The relationship of peripheral blood lncRNA-PVT1 and miR-146a levels with Th17/Treg cytokines in patients with Hashimoto’s thyroiditis and their clinical significance

Authors

  • Yi-nan Li Department of Endocrinology 2, Central Hospital Affiliated to Shenyang Medical College, Tiexi District, Shenyang, Liaoning Province, China
  • Jingxue Shen Department of Endocrinology 2, Central Hospital Affiliated to Shenyang Medical College, Tiexi District, Shenyang, Liaoning Province, China
  • Yinglan Feng Department of Internal Medicine 1, Tacheng People's Hospital of Xinjiang, Tacheng, Xinjiang, China
  • Yingyan Zhang Department of Endocrinology 2, Central Hospital Affiliated to Shenyang Medical College, Tiexi District, Shenyang, Liaoning Province, China
  • Yusi Wang Department of Endocrinology 2, Central Hospital Affiliated to Shenyang Medical College, Tiexi District, Shenyang, Liaoning Province, China
  • Xinyu Ren Department of Endocrinology 2, Central Hospital Affiliated to Shenyang Medical College, Tiexi District, Shenyang, Liaoning Province, China

DOI:

https://doi.org/10.17305/bb.2024.10237

Keywords:

Long noncoding RNA, plasmacytoma variant translocation 1, miR-146a, Hashimoto’s thyroiditis, Th17, Treg, correlation

Abstract

Hashimoto’s thyroiditis (HT) is a prevalent autoimmune disease.
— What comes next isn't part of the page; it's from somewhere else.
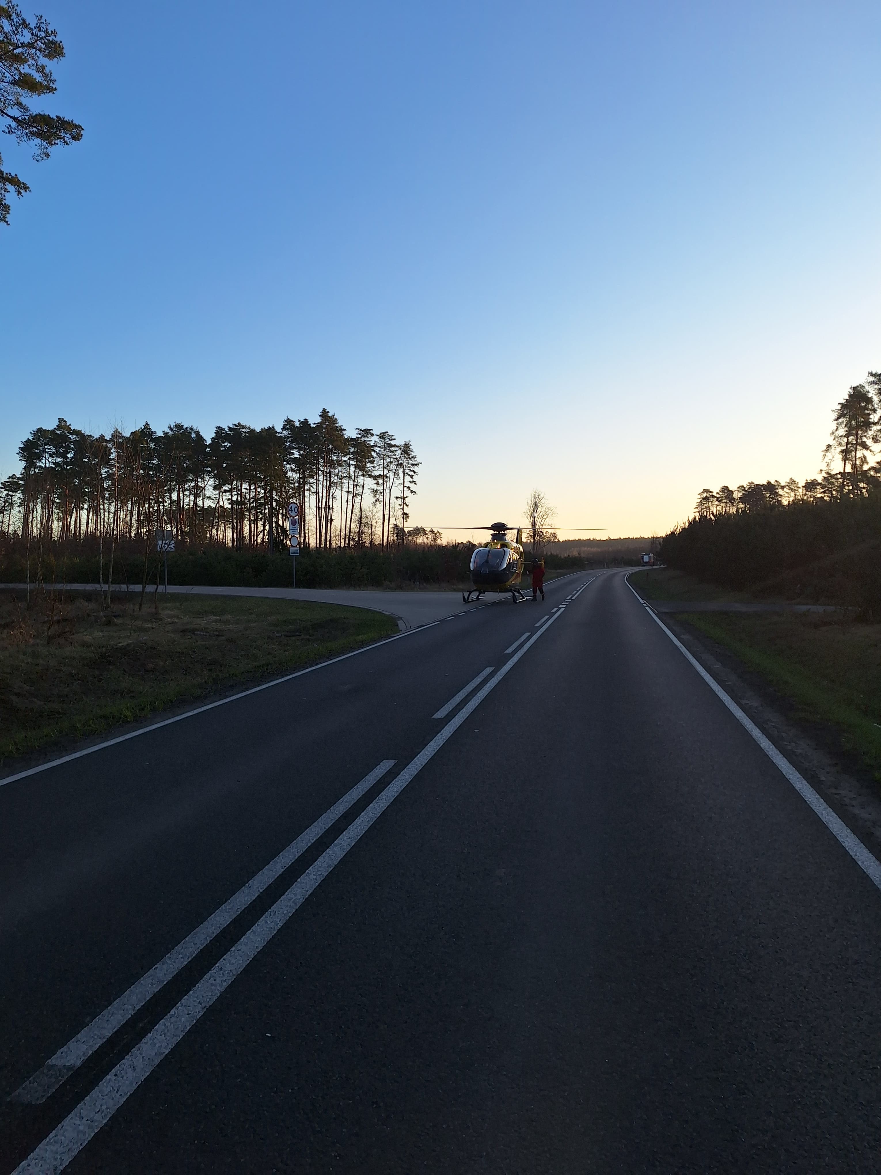 Działania strażaków polegały na zabezpieczeniu miejsca zdarzenia, udzieleniu kwalifikowanej pierwszej pomocy osobie zakleszczonej w pojeździe, wykonaniu dostępu do osoby poszkodowanej za pomocą narzędzi hydraulicznych oraz jej ewakuacji przy pomocy noszy typu deska oraz odłączeniu akumulatorów w pojazdach. Dalsze działania polegały na zabezpieczeniu lądowania LPR. Decyzją przybyłego na miejsce lekarza dwie osoby trafiły do szpitala.

We investigated the relationship of peripheral blood long noncoding RNA-plasmacytoma variant translocation 1 (lncRNA-PVT1) and microRNA (miR)-146a levels with Th17/Treg-related cytokines in HT patients and their clinical significance. Correlations of PVT1 and miR-146a with Th17/Treg-related cytokines were analyzed, and its clinical value in diagnosing HT was assessed. Results showed reduced lncRNA-PVT1 and interleukin (IL)-10 levels and increased miR-146a and IL-17 levels in HT patients. lncRNA-PVT1 negatively interrelated with miR-146a, IL-17, IL-23 and IL-6, and positively interrelated with IL-10; miR-146a positively correlated with IL-17, IL-23 and IL-6, but negatively correlated with IL-10 in HT patients. The area under the curve (AUC) of lncRNA-PVT1 and miR-146a levels for diagnosing HT were 0.822 and 0.844, respectively (sensitivity 88.73% and 86.62%, specificity 67.02% and 69.15%, cut-off values 0.76 and 2.73), with their combined detections yielding a higher AUC. Patients with poorly expressed lncRNA-PVT1 and highly expressed miR-146a had elevated HT incidence. lncRNA-PVT1 and miR-146a levels were also found to be an independent influencing factor for HT occurrence. Our findings suggest that HT patients have low peripheral blood lncRNA-PVT1 expression and high miR-146a expression. lncRNA-PVT1 and miR-146a level changes were correlated with Th17/Treg cytokine imbalance and could be a potential diagnostic tool and independent influencing factor for HT.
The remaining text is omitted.